Борис молча передал ключи.

– Ну что ж, пойдемте…

Они вышли из квартиры, попрощались и разошлись в разные стороны: Крымов, с удовлетворением отметив, что их беседа оказалась ненапрасной, поскольку увидел, как Борис буквально побежал к таксофону («Звонить ей, идиот!»), вернулся в свою машину, где не спеша закурил и только после этого завел мотор.

Машина плавно скользила между огромными сугробами к центру города. Ленинский проспект, так неудачно переименованный почему-то в улицу Революционную, начинался от сквера рядом с консерваторией и тянулся к набережной. Вот за сквером как раз и жила Алла Францевна Миллер, та самая портниха, которая обшивала Валентину Огинцеву.

* * *

Старый дом с просторными лестничными пролетами, пол которых выложен мозаичной бело-желтой плиткой, по две двери на этаже. «Только в таких домах и должны жить все талантливые люди», – подумал Крымов, поднимаясь на второй этаж и представляя себе старую хитрую бестию Миллер, вооруженную зингеровскими тяжелыми ножницами, при помощи которых она так ловко стрижет семейный бюджет своих клиенток…

За тяжелой, обитой потускневшим рыжим дерматином дверью стояла маленькая полненькая брюнетка в ярко-красных брючках и черной трикотажной кофте.

Определить ее возраст было бы почти невозможно: белая матовая кожа без единой морщинки, румянец на полненьких щечках, большие черные глаза, напоминающие мокрые сливы, пухлые губы, а над ними – чуть заметные темные усики.

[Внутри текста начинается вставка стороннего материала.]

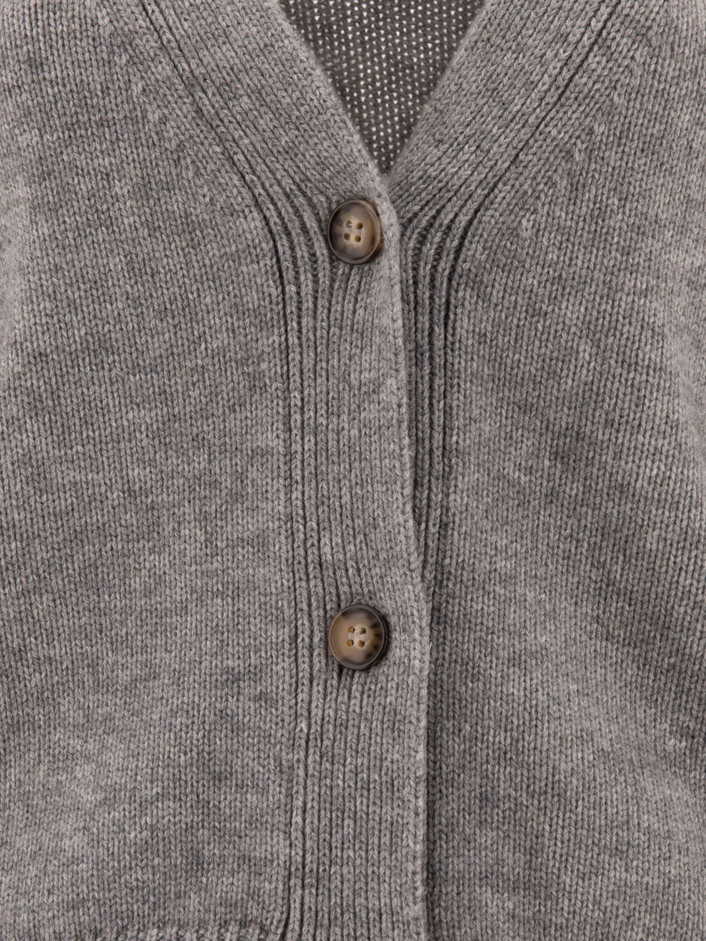 Loulou Studio 's Le cardigan "Zanzibar" est un essentiel pour toute femme "s garde-robe. Fabriqué à partir d'un mélange de laine et de cachemire doux, il offre un ajustement lâche avec des épaules tombées, idéales pour un look riche enveloppant. La fermeture avant à trois bouts et la coque brodée ajoutent des détails distinctifs à ce classique de la collection de studio Loulou. || - ajustement détendu - Ligne en V - Clôture avant du bouton - poignets côtelés et ourlet - Couleur unie - Manches longues || Pour un look chic et polyvalent, associez le cardigan "Zanzibar" avec des jeans de petit ami et des baskets blanches. Pour une touche plus élégante, vous pouvez opter pour une jupe plissée longue et des bottines en cuir. Complétez votre tenue avec un sac à bandoulière et des accessoires minimalistes pour un look moderne et raffiné.

Головка, будто у ангелочка, которому надоело ходить со светлыми кудряшками и он решил изменить цвет волос.

– Входите, я вас знаю, вы – Крымов. Крымов собственной персоной!.. – Миллер, иронично улыбаясь, вдруг схватила Крымова за руку и почти втянула к себе в квартиру. – Сейчас я включу свет и хорошенько рассмотрю вас… Ба, да вы и впрямь красавчик…

Крымов опешил от подобной бесцеремонности.

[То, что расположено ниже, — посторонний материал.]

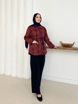 Stay warm and effortlessly stylish with this elegant bohemian-style quilted jacket. Designed with full front buttons and a removable belt that highlights your waist beautifully.

– Интересно, вы всегда так встречаете мужчин, которые звонят в вашу дверь? – спросил он, с интересом осматривая заставленную громоздкой старинной мебелью прихожую, в которой мог бы поместиться кабинетный рояль вместе с бильярдом. ;.

– Да бросьте вы эти церемонии… Нет, – каркнула она, потому что голос ее был до смешного низок и хрипловат и вместе с тем привлекателен. – Нет, я встречаю так только тех мужчин, имя которых не сходит с уст моих клиенток. Они все вас ненавидят и любят одновременно.

Если бы вы только знали, сколько платьев и ночных рубашек я сшила специально ДЛЯ ВАС…

– Я не Казанова, – пожал плечами Крымов. – Вы меня с кем-то путаете…

С него сняли шапку и помогли освободиться от тяжелой меховой куртки.

И все же ему нравилась эта Миллер, он был бы даже не прочь приударить за ней.

Она провела его в большую комнату, в центре которой стоял невероятных размеров стол, на котором замерло истерзанное временем и пухлыми ручками Аллы Францевны лекало. Готовилось очередное женское оружие, направленное на то, чтобы сразить мужчину. Еще бы: малиновый панбархат! Женщина, упакованная в такую соблазнительную ткань, была обречена на успех. Даже при отсутствии фигуры как таковой…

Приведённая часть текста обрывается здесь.